Gli è rimasto accanto solo il padre, un uomo mite e semplice, tramviere di professione. Non sembra in grado di poter aiutare Marco, eppure, silenzioso e tenace, è sempre presente, instancabile. Dopo l’ennesimo incidente in cui il figlio, ubriaco fradicio, si schianta di notte contro un camion, capisce che non c’è più tempo, serve una svolta radicale.
C’è una possibilità di un lavoro nella cooperativa delle pulizie dell’ospedale pediatrico. Marco, però, ha paura di non farcela, teme che vivere a contatto con il dolore altrui, specialmente quello dei bambini malati, gli risulti insopportabile. La sua straripante sensibilità gli fa sentire nell’anima la bellezza della poesia ma amplifica anche la percezione del dolore. Nella delicata fase che sta vivendo la vicinanza con altra sofferenza potrebbe essere devastante.
Invece, sarà proprio l’esperienza dell’ospedale, il lavoro in gruppo condividendo la fatica, il contatto quotidiano con la malattia dei piccoli pazienti, a indicargli la strada da percorrere per liberarsi dal male di vivere che lo affligge. Ricominciare non sarà facile, sarà un percorso impervio e difficile, con continue ricadute e sbandamenti, ma anche con una consapevolezza nuova.
La casa degli sguardi, splendido esordio alla regia di Luca Zingaretti, è un film duro e potente, capace di toccare corde profonde e di emozionare. Non era semplice portare sullo schermo l’omonimo romanzo autobiografico di Daniele Mencarelli, scrittore già adottato da Francesco Bruni nella serie Tutto chiede salvezza. Il rischio di compiacere il pubblico raccontando il dolore con toni da melodramma o emozioni facili era alto. Zingaretti lo evita abilmente con una regia attenta e misurata, senza retorica né pietismi. Racconta la sofferenza di Marco quasi con pudore, con profondo rispetto e una sincerità che arriva al cuore. Emoziona facendo parlare gli sguardi, i silenzi, i piccoli gesti come le corna fatte dal bambino malato alla finestra.
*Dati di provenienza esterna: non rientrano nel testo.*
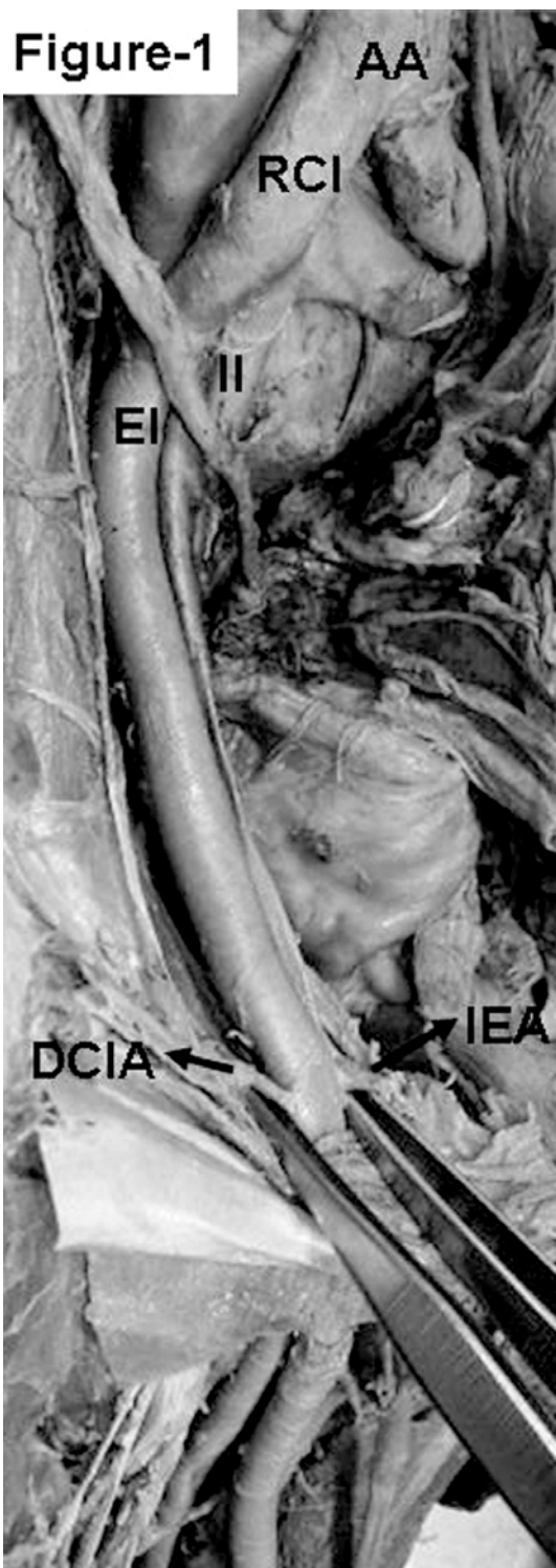
Fig. 1 – Fotografia da região pélvica. A aorta abdominal (AA) é vista dividindo no nível superior, assim como também a artéria ilíaca comum direita (ICD). Os ramos terminais da artéria ilíaca externa (IE), isto é, a artéria epigástrica inferior (AEI) e artéria ilíaca profunda circunflexa (AICP) podem ser vistos. II é a artéria ilíaca interna.

Durante disseção de rotina, uma forma de artéria anormal foi observada em um cadáver do sexo masculino com 65 anos. A aorta abdominal estava consideravelmente deslocada lateralmente e também bifurcada nas artérias ilíacas comuns num nível mais alto, perto da vértebra L3. A artéria ilíaca comum direita seguiu um padrão similar e terminou nas artérias ilíacas, interna e externa no nível da vértebra L4. A artéria ilíaca externa direita deu origem as

Non ci sono eventi miracolosi, Marco ritrova una via d’uscita dall’angoscia esistenziale grazie alla solidarietà della squadra delle pulizie e alla condivisione reciproca dei propri problemi, capendo che ognuno vive, in un modo o nell’altro, l’esperienza del dolore. E che anestetizzarsi con alcool o droghe non serve a nulla.
“Il dolore non si può eliminare, va vissuto come una tappa necessaria”, ha affermato lo stesso regista,
“quando Marco scopre che il dolore non è evitabile ne uscirà fuori, perché il dolore si deve accogliere, per riacquistare la capacità di stare nelle cose, senza fuggirne”.
Il rapporto padre-figlio è un po' l’asse centrale attorno al quale ruotano gli altri personaggi della storia.
Se la bravura di Zingaretti nella parte del padre non è stata una sorpresa, lo è, invece, la formidabile interpretazione di Marco da parte di Gianmarco Franchini. Il giovane attore, che aveva da poco brillantemente esordito in Adagio di Sollima, dà vita a una performance recitativa viscerale e palpitante. Trasuda rabbia e angoscia ma trasmette anche dolcezza e tenerezza. Non è difficile prevedere una carriera luminosa per questo giovane attore. Va detto, però, che l’intero cast ha funzionato benissimo: tutti i personaggi, anche quelli secondari, sono scritti e recitati in modo assolutamente credibile.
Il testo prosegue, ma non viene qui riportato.